What This Message Teaches Us
The subject message, for all its apparent simplicity, embodies a crucial principle of performance engineering: measure, don't assume. The assistant could have easily declared victory after wiring up the hints, reasoning that eliminating 265 GB of copies must be a win. Instead, the work continued through rigorous benchmarking that falsified the hypothesis.

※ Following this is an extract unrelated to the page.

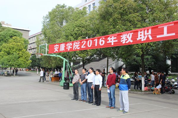 五月安康,阳光灿烂,绿意盎然。16日下午4时30分,安康学院教职工篮球赛在江南校区北体育场隆重开幕。学校党委书记王国良,副书记、工会主席胡鸿晓,工会专职副主席王斌,副主席袁海龙,体育学院院长冯德学,工会文体委员朱涛及各代表队领队、教练员、运动员参加了开幕式。开幕式由王斌主持,胡鸿晓致开幕辞,王国良宣布篮球赛开幕。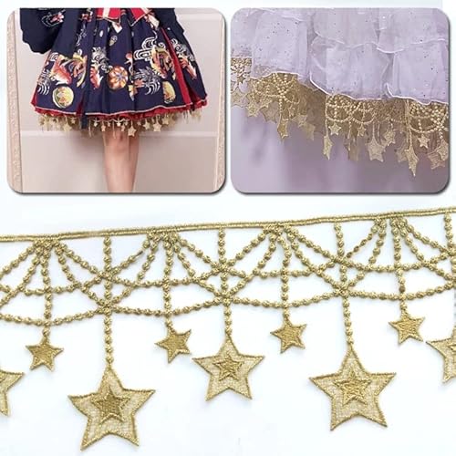 Yulakes 2 Yards Sterne Wasserlösliche Quasten Spitzenborte Besticktes star Quaste Spitzenband Spitzenbordüre Quasten Fransen für Kostüm Heimtextilien Vorhänge Kleidung Nähen (Gold)

The message also demonstrates the value of systematic tooling. The grep command is trivial, but it ensures completeness — no call site is missed. The "one by one" approach reduces the risk of errors. And the commit of the infrastructure, even with zero measured impact, is a defensible choice: it costs nothing to maintain, and it pre-allocates correctly for any future code path where allocation might become the bottleneck.
In the broader narrative of the optimization campaign, this message marks the point where Phase 4's diminishing returns became undeniable. The assistant would go on to recommend moving to Phase 5 (PCE), which targets the computational bottleneck directly by replacing circuit synthesis with sparse matrix-vector multiply. The six call sites would remain wired up, silently doing their job, contributing nothing measurable to performance but serving as a monument to the discipline of hypothesis-driven optimization.
The message is a reminder that in systems optimization, the most valuable outcome is not always a speedup — sometimes it is the knowledge that a promising hypothesis was wrong, confirmed through careful measurement.